:: Requirement ::
Everything from the line with "We’re looking for" down to the line with "Di sản văn hóa" below must be printed exactly, those two lines included. Exclude pictures.

Records provided START

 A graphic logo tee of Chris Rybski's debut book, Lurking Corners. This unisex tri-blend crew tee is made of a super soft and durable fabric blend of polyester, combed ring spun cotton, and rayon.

Records provided END
Records provided START

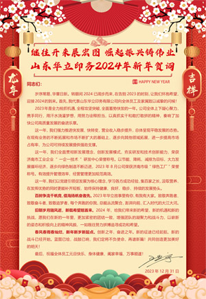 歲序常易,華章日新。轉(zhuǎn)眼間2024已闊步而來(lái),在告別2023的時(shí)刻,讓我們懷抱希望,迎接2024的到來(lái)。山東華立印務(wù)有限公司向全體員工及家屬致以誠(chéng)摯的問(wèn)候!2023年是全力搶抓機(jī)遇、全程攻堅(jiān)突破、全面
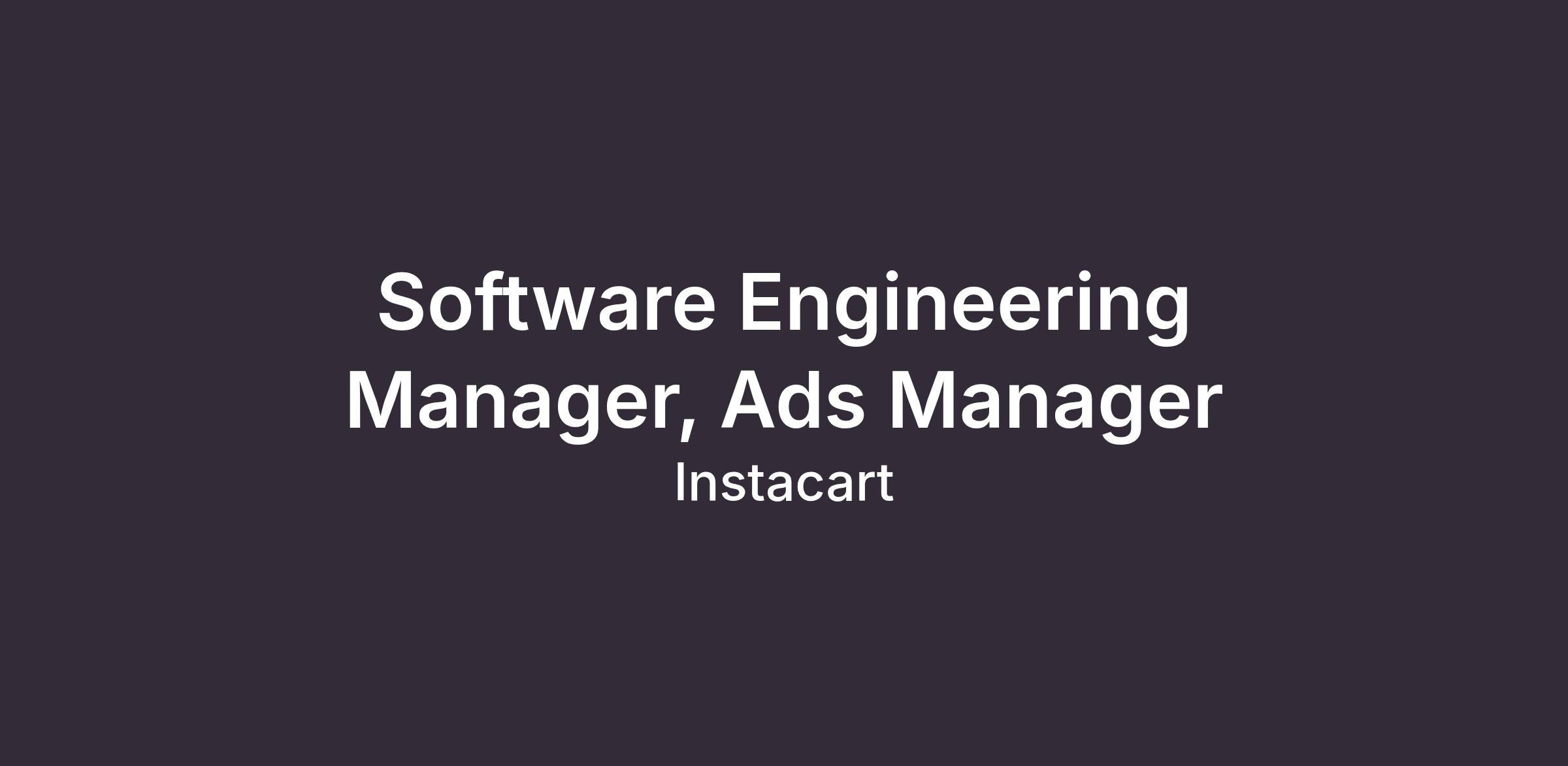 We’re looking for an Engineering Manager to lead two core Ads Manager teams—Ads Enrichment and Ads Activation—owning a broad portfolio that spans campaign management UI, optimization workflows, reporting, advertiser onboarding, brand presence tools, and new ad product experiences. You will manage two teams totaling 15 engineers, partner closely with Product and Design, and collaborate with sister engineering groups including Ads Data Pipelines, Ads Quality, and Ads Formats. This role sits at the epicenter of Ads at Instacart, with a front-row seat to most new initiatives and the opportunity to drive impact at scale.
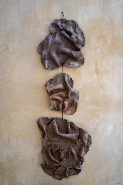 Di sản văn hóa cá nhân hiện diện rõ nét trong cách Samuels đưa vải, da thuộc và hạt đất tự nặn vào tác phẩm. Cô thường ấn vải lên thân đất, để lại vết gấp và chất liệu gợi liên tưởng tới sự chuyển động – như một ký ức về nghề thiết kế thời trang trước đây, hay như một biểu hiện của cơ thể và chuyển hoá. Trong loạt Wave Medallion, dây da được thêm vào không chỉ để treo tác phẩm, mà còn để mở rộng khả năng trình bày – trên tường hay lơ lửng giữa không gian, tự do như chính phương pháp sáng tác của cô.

Records provided END

:: Response to this task ::
 We’re looking for an Engineering Manager to lead two core Ads Manager teams—Ads Enrichment and Ads Activation—owning a broad portfolio that spans campaign management UI, optimization workflows, reporting, advertiser onboarding, brand presence tools, and new ad product experiences. You will manage two teams totaling 15 engineers, partner closely with Product and Design, and collaborate with sister engineering groups including Ads Data Pipelines, Ads Quality, and Ads Formats. This role sits at the epicenter of Ads at Instacart, with a front-row seat to most new initiatives and the opportunity to drive impact at scale.
 Di sản văn hóa cá nhân hiện diện rõ nét trong cách Samuels đưa vải, da thuộc và hạt đất tự nặn vào tác phẩm. Cô thường ấn vải lên thân đất, để lại vết gấp và chất liệu gợi liên tưởng tới sự chuyển động – như một ký ức về nghề thiết kế thời trang trước đây, hay như một biểu hiện của cơ thể và chuyển hoá. Trong loạt Wave Medallion, dây da được thêm vào không chỉ để treo tác phẩm, mà còn để mở rộng khả năng trình bày – trên tường hay lơ lửng giữa không gian, tự do như chính phương pháp sáng tác của cô.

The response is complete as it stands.